Governing Borderless Threats

June 7, 2014 - Mediterranean Sea / Italy: Italian navy rescues asylum seekers traveling by boat off the coast of Africa. More than 2,000 migrants jammed in 25 boats arrived in Italy June 12, ending an international operation to rescue asylum seekers traveling from Libya. They were taken to three Italian ports and likely to be transferred to refugee centers inland. Hundreds of women and dozens of babies, were rescued by the frigate FREMM Bergamini as part of the Italian navy's "Mare Nostrum" operation, launched last year after two boats sank and more than 400 drowned. Favorable weather is encouraging thousands of migrants from Syria, Eritrea and other sub-Saharan countries to arrive on the Italian coast in the coming days. Cost of passage is in the 2,500 Euros range for Africans and 3,500 for Middle Easterners, per person.
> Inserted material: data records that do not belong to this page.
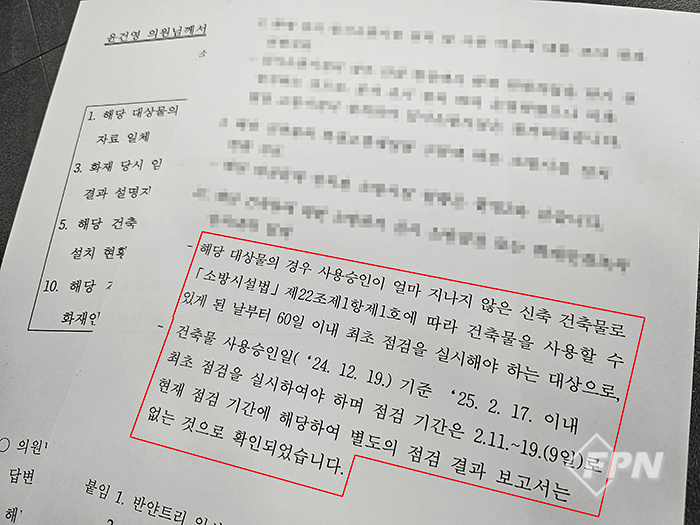[FPN 최영 기자] =반얀트리 화재 당시 진행 중이던 소방시설 최초점검이 사실상 무의미했다는 지적이 나오고 있다. 점검 시점에도 건물 내부 공사가 한창이었고 소방시설 자체가 부실했기 때문이다. 최초점검을 발주한 주체가 건물 소유자나 운영자가 아닌 시공사였던 점도 논란이다. 점검의 신뢰성과 공정성을 확보하기 위한 제도 보완이 시급하다는 목소리가 나온다.
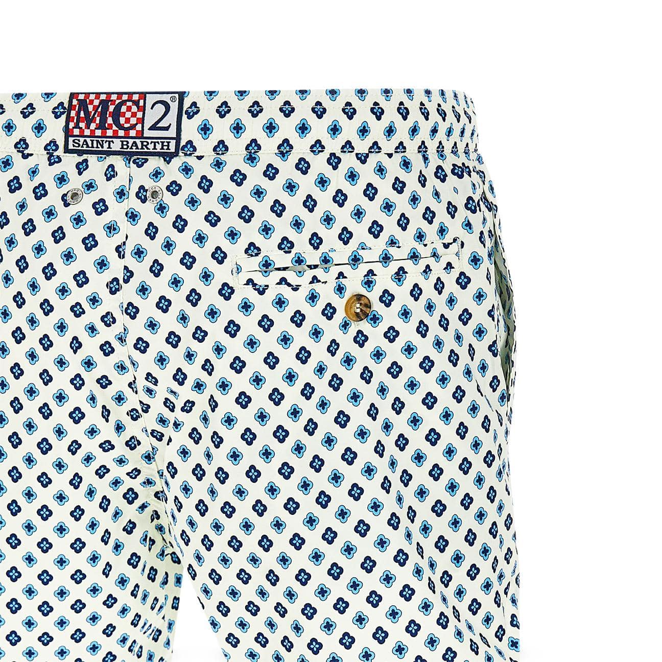 Tessuto elasticizzato meccanicamente<BR/>Vestibilità rilassataTasche laterali a filo<BR/>Tasca posteriore destra con chiusura in velcro<BR/>Ricamo esclusivo MC2 Saint Barth sull'orlo sinistro<BR/>Etichetta MC2 Saint Barth sul retro Slip interno in rete per un maggiore supporto La taglia L ha una mezza vita di 55 cm, una lunghezza totale di 42,5 cm (inclusa la cintura) e un'ampiezza del fondo gamba di 31,5 cm
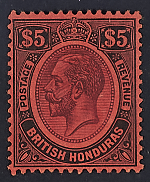 GIORGIO V 5$ VIOLETTO E NERO SU CARTA ROSSA II EMISSIONE
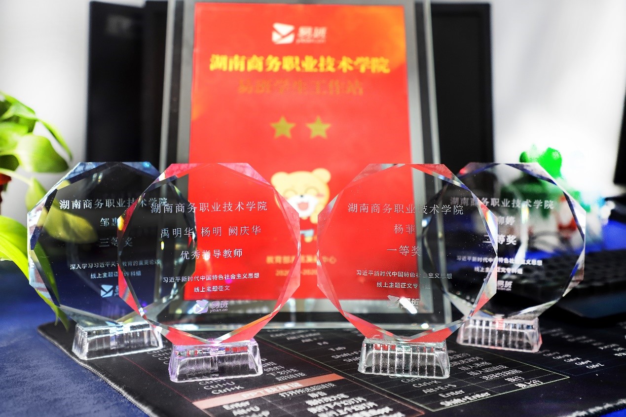 在全国易班网“习近平新时代中国特色社会主义思想线上主题征文”活动中,18旅游管理2班杨菲、黄柳婷两位同学分获专科组一、二等奖(全国专科组设一等奖5名、二等奖10名),禹明华、杨明、阙庆华获优秀指导老师;在“学习习近平关于教育的重要论述线上主题征文”活动中,19会计7班邹惠琪同学获专科组三等奖(全国专科组设三等奖15名)。
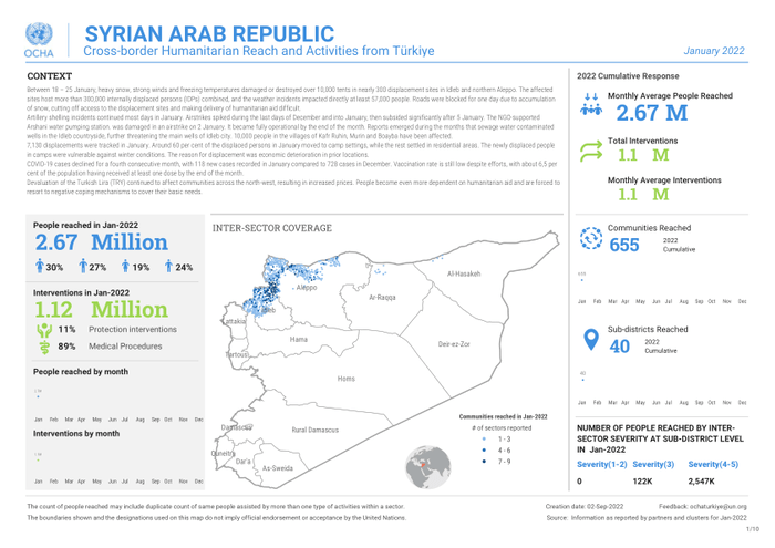 Between 18 – 25 January, heavy snow, strong winds and freezing temperatures damaged or destroyed over 10,000 tents in nearly 300 displacement sites in Idleb and northern Aleppo. The affected sites host more than 300,000 internally displaced persons (IDPs) combined, and the weather incidents impacted directly at least 57,000 people. Roads were blocked for one day due to accumulation of snow, cutting off access to the displacement sites and making delivery of humanitarian aid difficult.
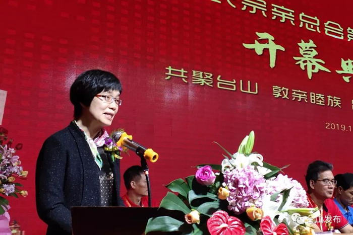 市委常委、统战部部长李白云对大会的召开表示祝贺,她对台山籍伍氏乡亲长期致力于社会公益慈善事业,为台山经济社会建设、祖国和平统一作出的积极贡献表示感谢。她向大会介绍了台山经济社会的发展情况,并表示,台山正迎来粤港澳大湾区建设的重大发展机遇,作为珠江西岸新增长极的重心、沿海经济带江海门户的前沿,台山将围绕“港澳所需、湾区所向、台山所能”,融入粤港澳大湾区建设中,希望海外乡亲经常回乡探亲访友,共商发展机遇。(来源:新宁杂志社 白桦)
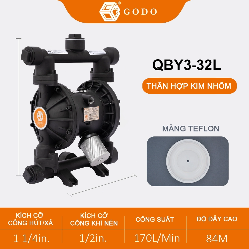Máy bơm màng khí nén GODO QBY3-32 hợp kím nhôm là dòng bơm công nghiệp cao cấp do tập đoàn Bianfeng (Trung Quốc) sản xuất – thương hiệu nổi tiếng trong lĩnh vực thiết bị bơm khí nén.
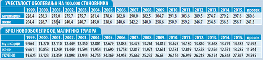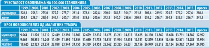 Током тог периода дошло је и до кумулативног, укупног пораста стопа инциденције свих малигних тумора – код мушкараца за 30,3 одсто, што значи да се карциноми који су се 1999. године јављали код 228,4 од 100,000 мушкараца сада откривају код до 297,6 од 100,000. То је повећање за 1,8 одсто годишње! Код жена је учесталост малигних тумора за 16 година повећана за 25,6 одсто, односно са 204,4 случаја на 100.000 жена на до 256,7. То је повећање 1,5 одсто годишње!
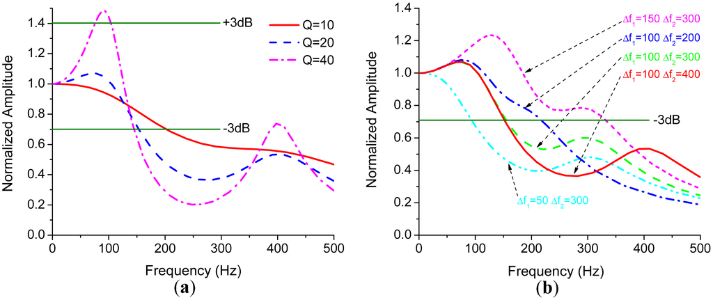 From Equation (18), the flatness of the frequency response can be fast evaluated. The primary resonance peak will appear if , or equivalently,
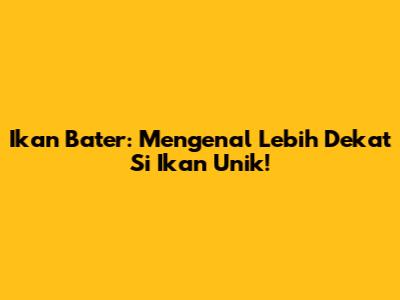Guys, pernah denger tentang ikan bater? Atau mungkin malah baru pertama kali ini? Nah, pas banget! Di artikel ini, kita bakal ngobrolin semua hal tentang ikan yang satu ini. Mulai dari penampilannya yang unik, habitatnya, sampai fakta-fakta menarik yang mungkin belum kamu tahu. Jadi, siap-siap ya buat menambah wawasan tentang keanekaragaman hayati Indonesia!
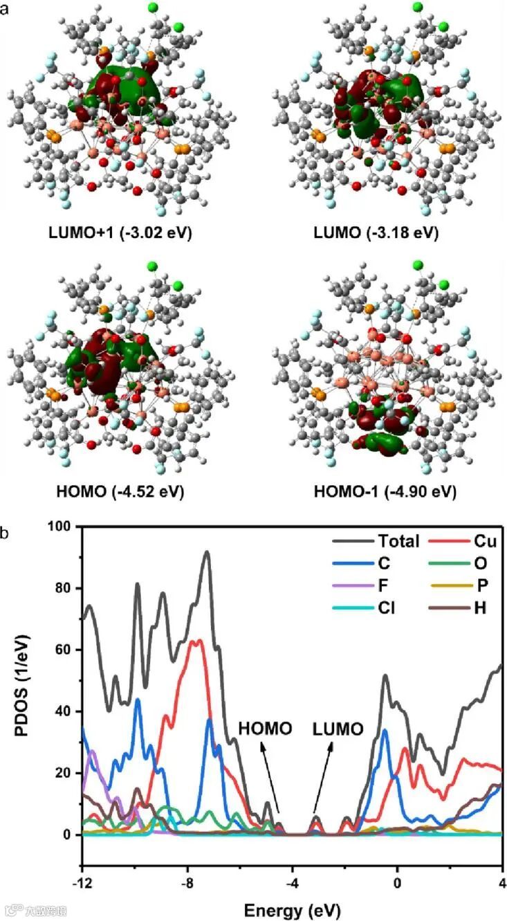 Cu26团簇的11个氢化物是通过在晶体学数据差电子密度图中的残峰确定的位置。分别为方锥体型(μ5-H),四面体型(μ4-H)和蝴蝶型(μ4’-H)。为了进一步了解Cu26团簇的电子结构,确定氢化物位置的合理性,对Cu26团簇进行几何优化和电子结构计算。通过理论计算得出HOMO和LUMO轨道之间的能隙为1.34 eV,与相应的偏态密度(PDOS)非常吻合。我们对比了其他前沿轨道的电荷密度,与实验数据吻合较好,说明所采用的几何结构是合理的。
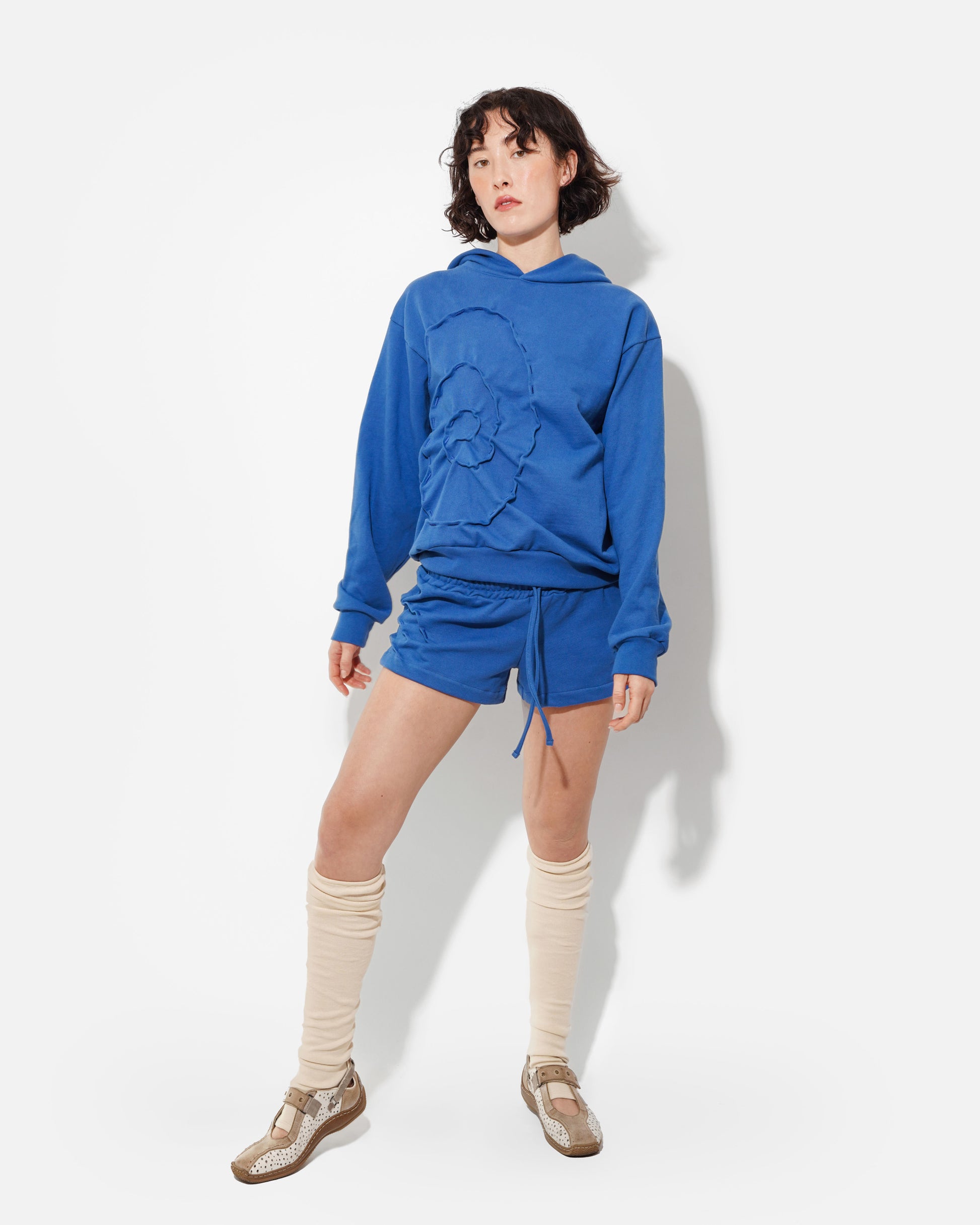 The perfect pair to our Ripple Hoodie, the Ripple Shorts are made from a cozy blue French cotton terry. Our stitching technique gathers the fabric on either side of the shorts, emulating the echo of a ripple and creating a slightly flared silhouette. The shorts have a drawstring waist and a back pocket to carry the special stones you collect while wading in the river.

Over 50,000 migrants have landed Italy in 2014. Many thousands are in Libya waiting to make the crossing. (Massimo Sestini/Polaris)

Lee Jones discusses the changing landscape of securitization and sovereignty at The Disorder of Things:

The ‘solutions’ to non-traditional security threats thus often reinforce the very inequalities in power and resources that spawns them in the first place. Western donors and agencies are often directly complicit, working around entrenched interests instead of challenging them, in order to maintain access and ‘show results’. In the name of international security, they often exacerbate insecurity for the most disadvantaged, while doing little to control threats and risks. This can only change if, rather than seeking to manage and contain security problems, we challenge the structures that generate them – structures in which Western governments and agencies are often themselves directly implicated.